======== Given information

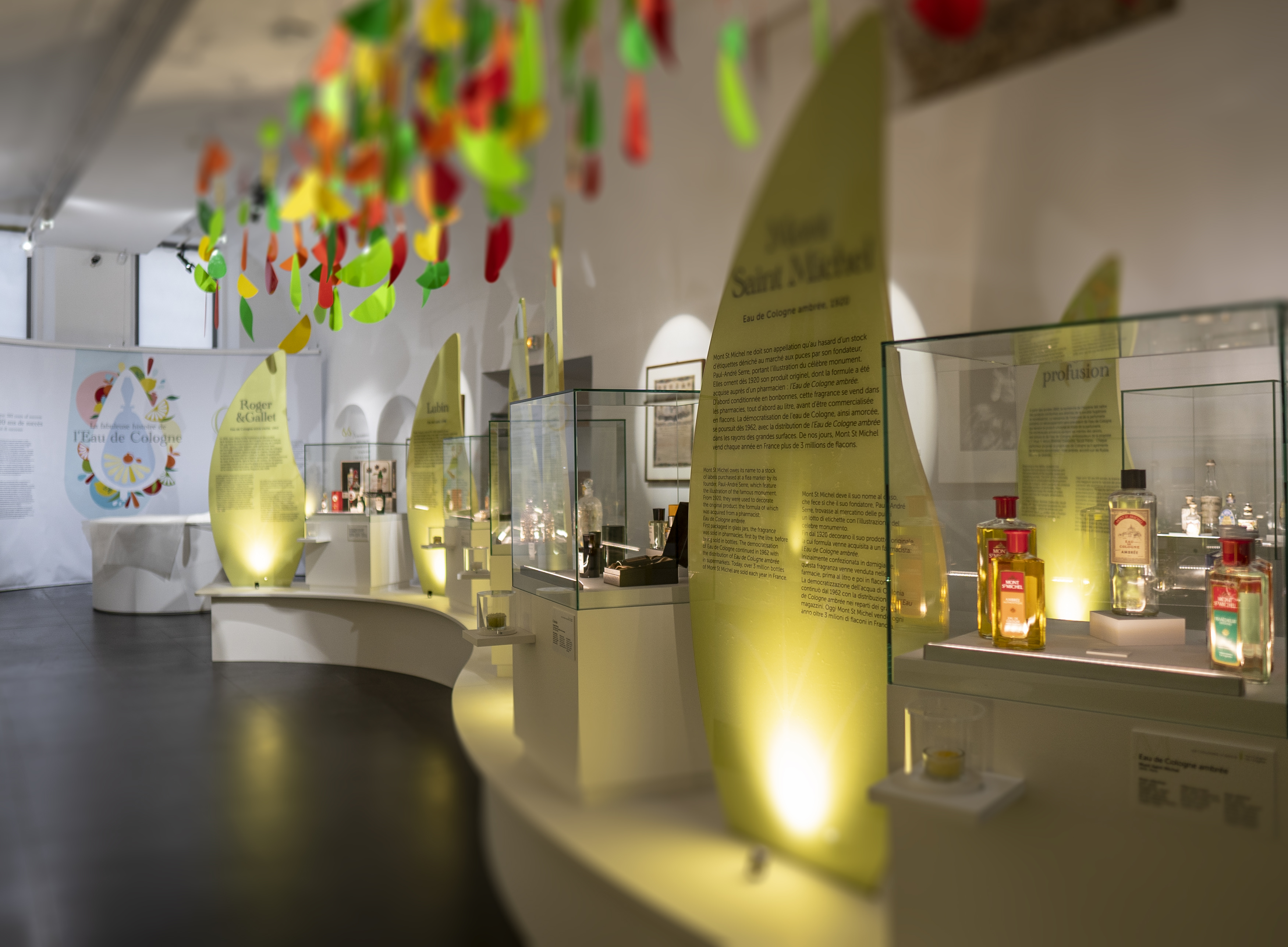 The visitor starts his journey in 1709 when Jean-Marie Farina creates the first Eau de Cologne in the eponymous city. He then follows the rise of Cologne until the late nineteenth century, when large perfume firms launch their declination of the product.
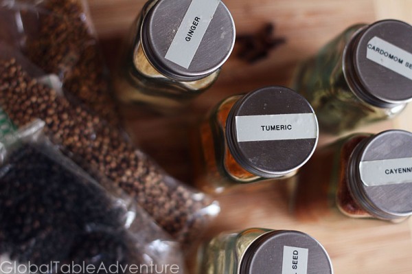 Gather your gorgeous spices. Even with 45 spice jars, I’ve run out of room and bags of spices have begun breeding in my cabinets. Time to add a few more jars to the collection…
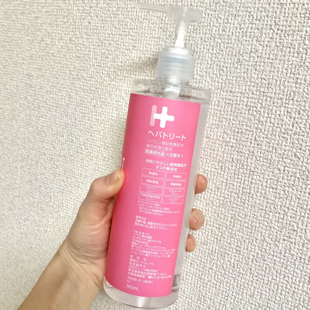 - ヘパトリートは保水有効成分のヘパリン類似物質と肌あれ有効成分のグリチルリチン酸ジカリウムを配合し、8つのフリーを実現。低刺激処方ながら高機能な化粧水です。さらに、薬用化粧水では珍しい大容量ポンプ(385mL)でとても使いやすく、赤ちゃんから大人まで、顔や全身の肌あれ・乾燥に使えます。 ■Wの有効成分 1.ヘパリン類似物質 顔・全身の乾燥を防ぐ 肌の乾燥による肌あれ/あれ性/皮膚を健やかに保つ/肌を整える/あせも/ひび/あかぎれ 2.グリチルリチン酸ジカリウム ニキビを防ぐ/肌をひきしめる/日やけ、雪やけ後のほてりを防ぐ/しもやけ/かみそりまけを防ぐ ■肌にやさしい低刺激処方<8つのフリー> 無香料/無着色/無鉱物油/無動物油/パラベンフリー/アルコールフリー/石油系界面活性剤フリー/シリコンフリー ※パッチテスト済み ※スティンギングテスト済み
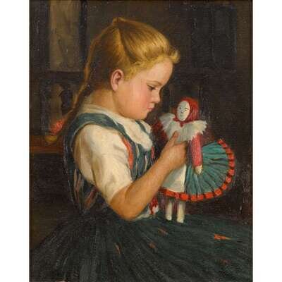 OSZKAR GLATZ (HUNGARIAN 1872-1958) GIRL AND HER DOLL

================

#### [Task description]
Everything in the material except the pictures should be restated word for word.

#### [Reply to the task]
 The visitor starts his journey in 1709 when Jean-Marie Farina creates the first Eau de Cologne in the eponymous city. He then follows the rise of Cologne until the late nineteenth century, when large perfume firms launch their declination of the product.
 Gather your gorgeous spices. Even with 45 spice jars, I’ve run out of room and bags of spices have begun breeding in my cabinets. Time to add a few more jars to the collection…
 - ヘパトリートは保水有効成分のヘパリン類似物質と肌あれ有効成分のグリチルリチン酸ジカリウムを配合し、8つのフリーを実現。低刺激処方ながら高機能な化粧水です。さらに、薬用化粧水では珍しい大容量ポンプ(385mL)でとても使いやすく、赤ちゃんから大人まで、顔や全身の肌あれ・乾燥に使えます。 ■Wの有効成分 1.ヘパリン類似物質 顔・全身の乾燥を防ぐ 肌の乾燥による肌あれ/あれ性/皮膚を健やかに保つ/肌を整える/あせも/ひび/あかぎれ 2.グリチルリチン酸ジカリウム ニキビを防ぐ/肌をひきしめる/日やけ、雪やけ後のほてりを防ぐ/しもやけ/かみそりまけを防ぐ ■肌にやさしい低刺激処方<8つのフリー> 無香料/無着色/無鉱物油/無動物油/パラベンフリー/アルコールフリー/石油系界面活性剤フリー/シリコンフリー ※パッチテスト済み ※スティンギングテスト済み
 OSZKAR GLATZ (HUNGARIAN 1872-1958) GIRL AND HER DOLL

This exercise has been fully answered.